== Information provided ==

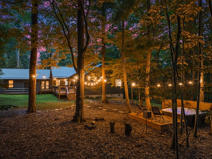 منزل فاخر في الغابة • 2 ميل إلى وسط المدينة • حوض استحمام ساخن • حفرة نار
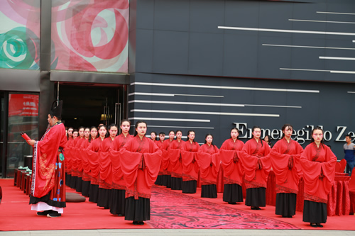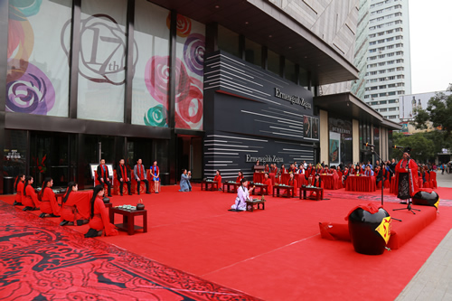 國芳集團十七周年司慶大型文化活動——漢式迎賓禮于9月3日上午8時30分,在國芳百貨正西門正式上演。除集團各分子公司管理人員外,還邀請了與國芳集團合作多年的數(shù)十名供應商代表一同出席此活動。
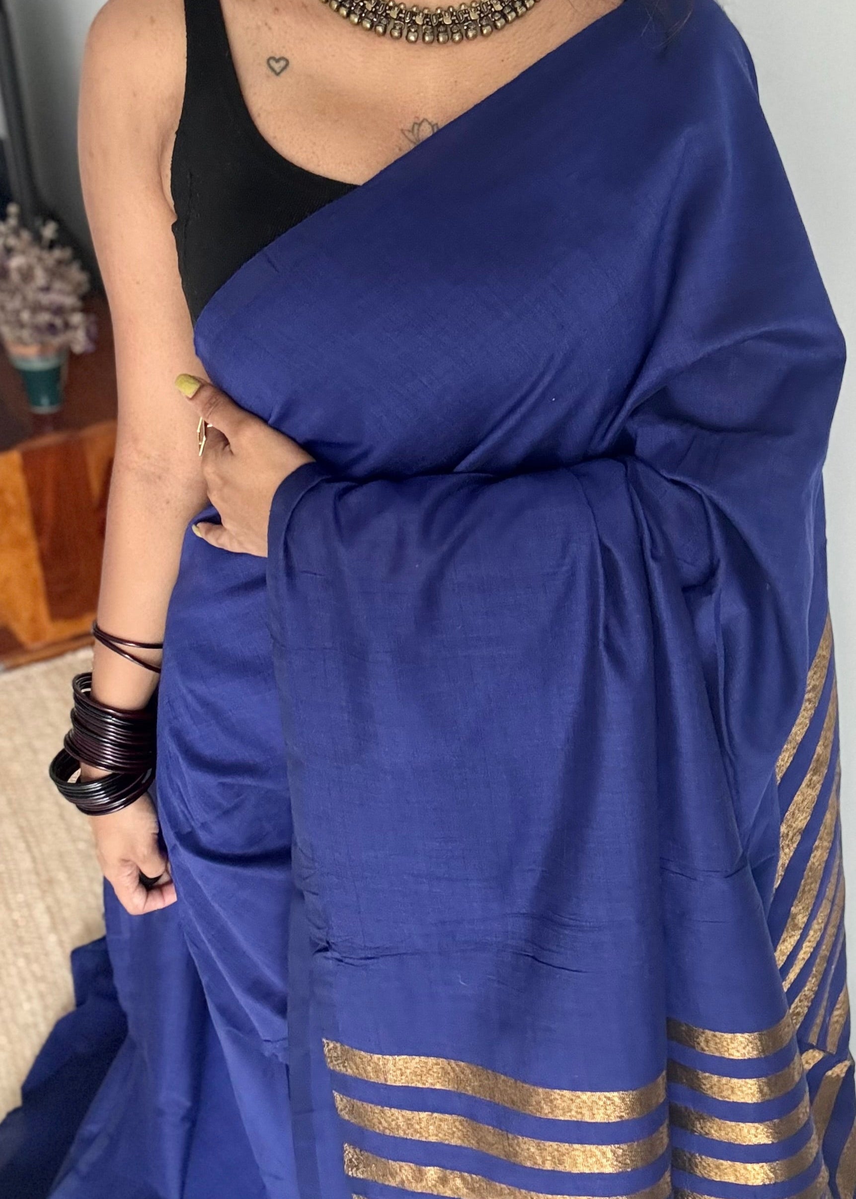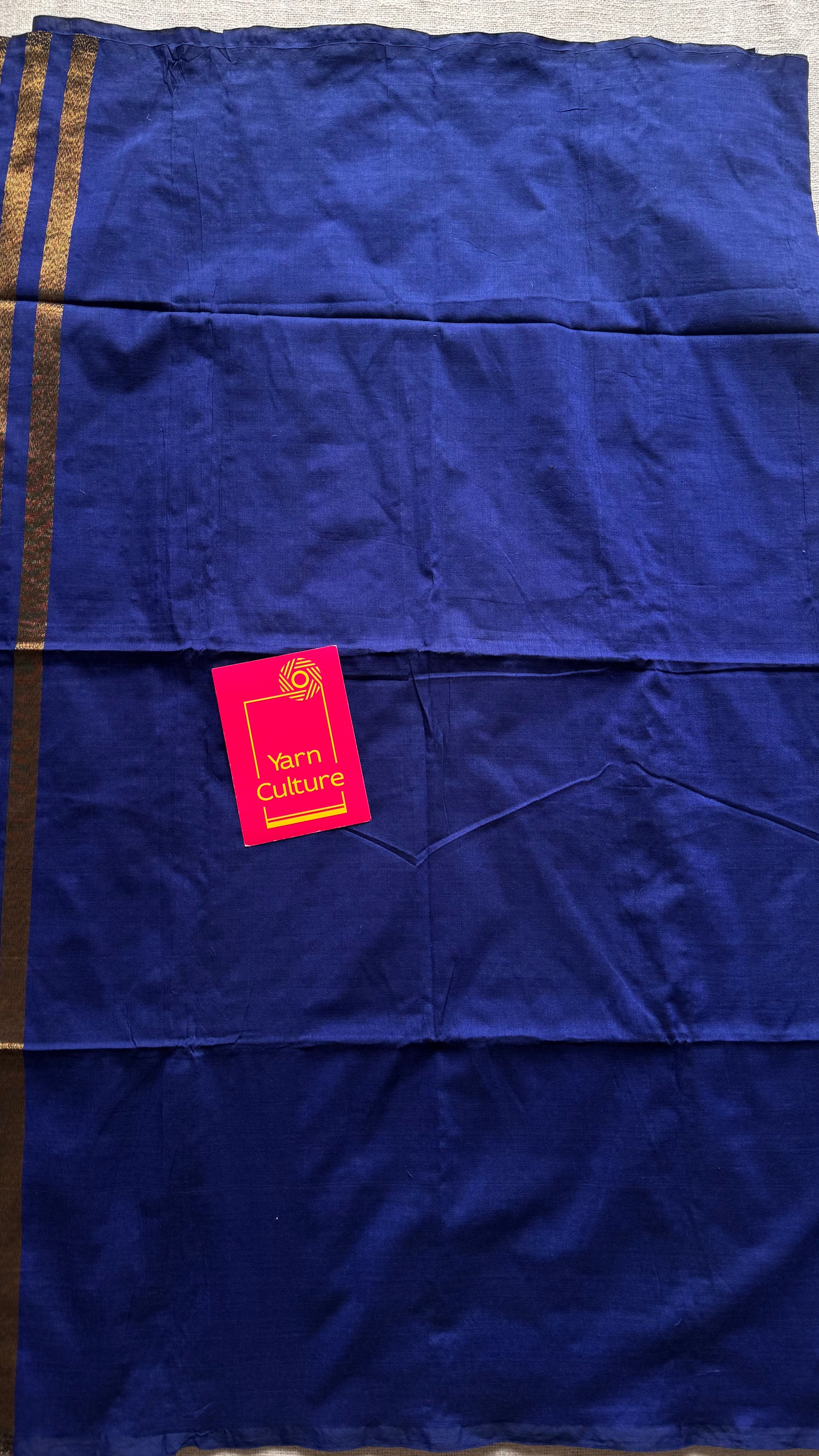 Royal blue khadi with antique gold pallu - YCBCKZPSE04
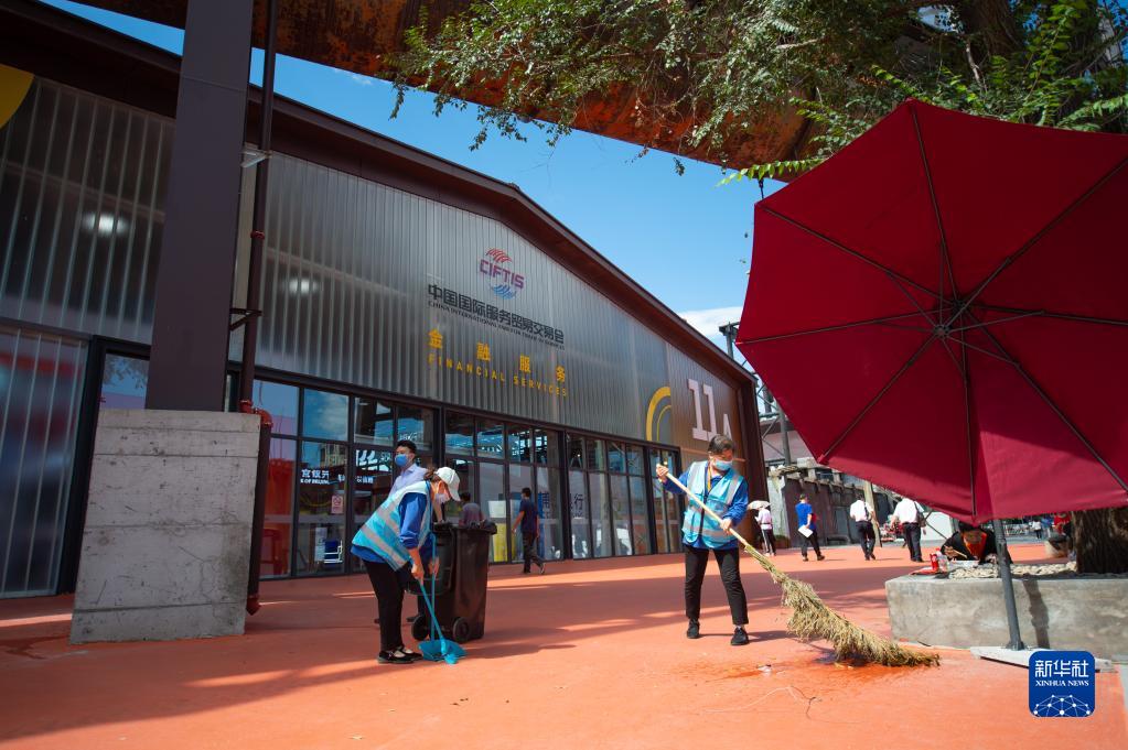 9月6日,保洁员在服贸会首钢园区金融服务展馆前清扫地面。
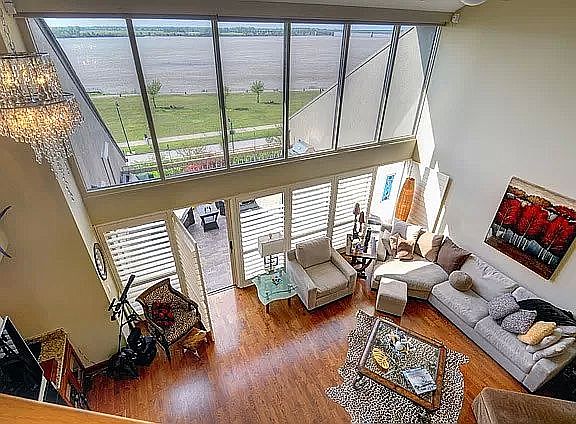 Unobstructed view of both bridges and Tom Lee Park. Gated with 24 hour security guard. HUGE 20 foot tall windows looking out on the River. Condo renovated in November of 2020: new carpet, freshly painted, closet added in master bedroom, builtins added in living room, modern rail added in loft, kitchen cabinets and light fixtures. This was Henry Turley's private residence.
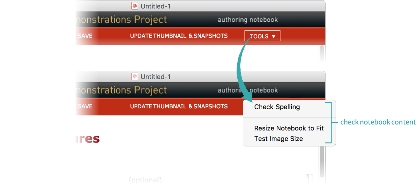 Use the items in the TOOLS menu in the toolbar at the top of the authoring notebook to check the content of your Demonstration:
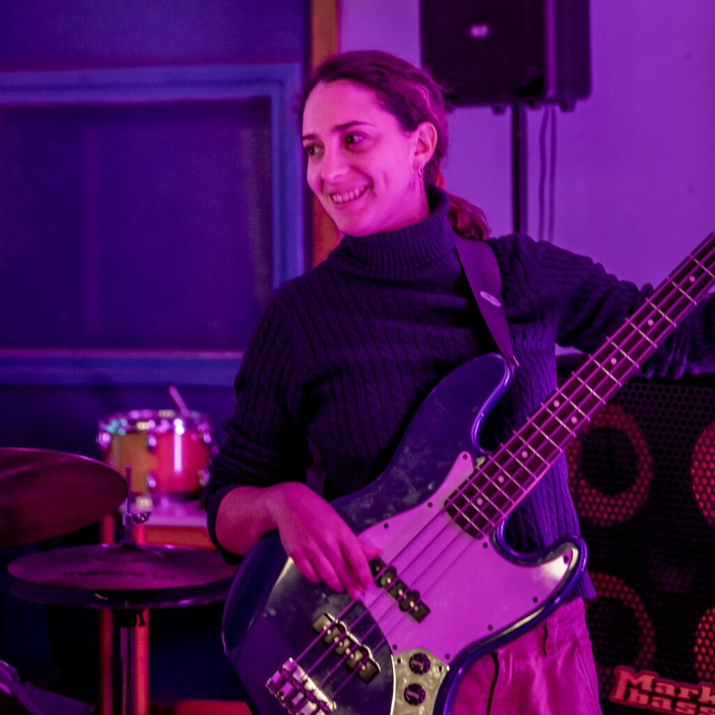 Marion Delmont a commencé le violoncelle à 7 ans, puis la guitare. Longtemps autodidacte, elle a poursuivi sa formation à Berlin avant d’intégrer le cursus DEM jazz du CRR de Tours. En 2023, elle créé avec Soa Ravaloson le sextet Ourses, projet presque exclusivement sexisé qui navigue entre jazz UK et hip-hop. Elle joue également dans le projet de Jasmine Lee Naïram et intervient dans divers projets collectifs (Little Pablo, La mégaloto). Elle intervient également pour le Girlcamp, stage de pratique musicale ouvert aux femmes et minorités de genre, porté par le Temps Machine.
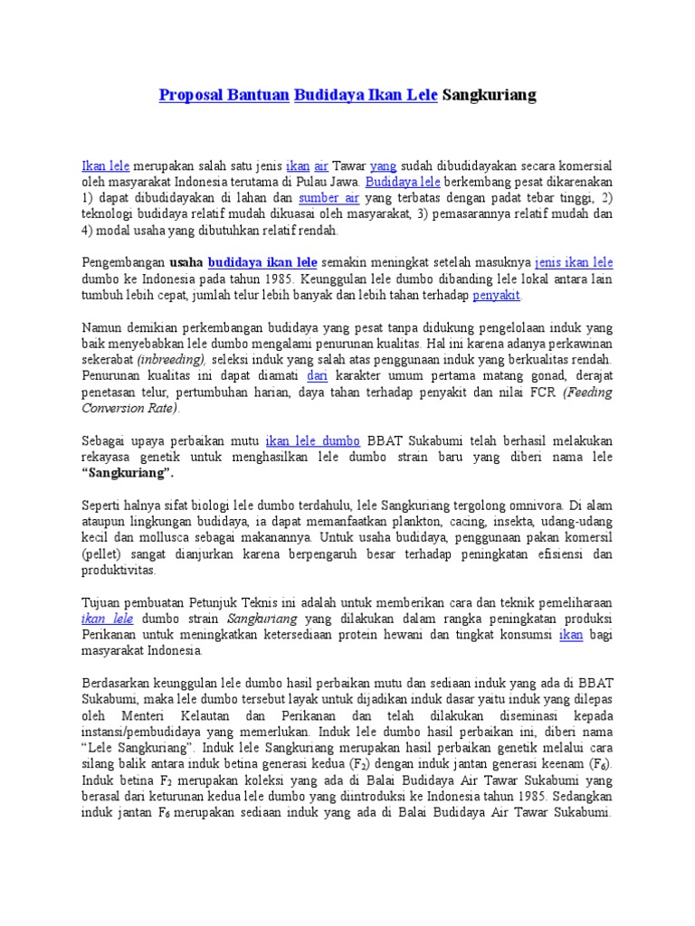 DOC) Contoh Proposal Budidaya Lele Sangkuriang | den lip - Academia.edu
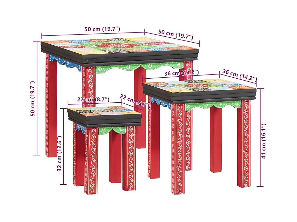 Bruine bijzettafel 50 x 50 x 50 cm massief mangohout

===

Skip the pictures. Restate exactly the lines from the start of the entries through the line containing "9月6日,保洁员在服贸会首钢园区金融服务展馆前清扫地面。", both ends included.

 منزل فاخر في الغابة • 2 ميل إلى وسط المدينة • حوض استحمام ساخن • حفرة نار
 國芳集團十七周年司慶大型文化活動——漢式迎賓禮于9月3日上午8時30分,在國芳百貨正西門正式上演。除集團各分子公司管理人員外,還邀請了與國芳集團合作多年的數(shù)十名供應商代表一同出席此活動。
 Royal blue khadi with antique gold pallu - YCBCKZPSE04
 9月6日,保洁员在服贸会首钢园区金融服务展馆前清扫地面。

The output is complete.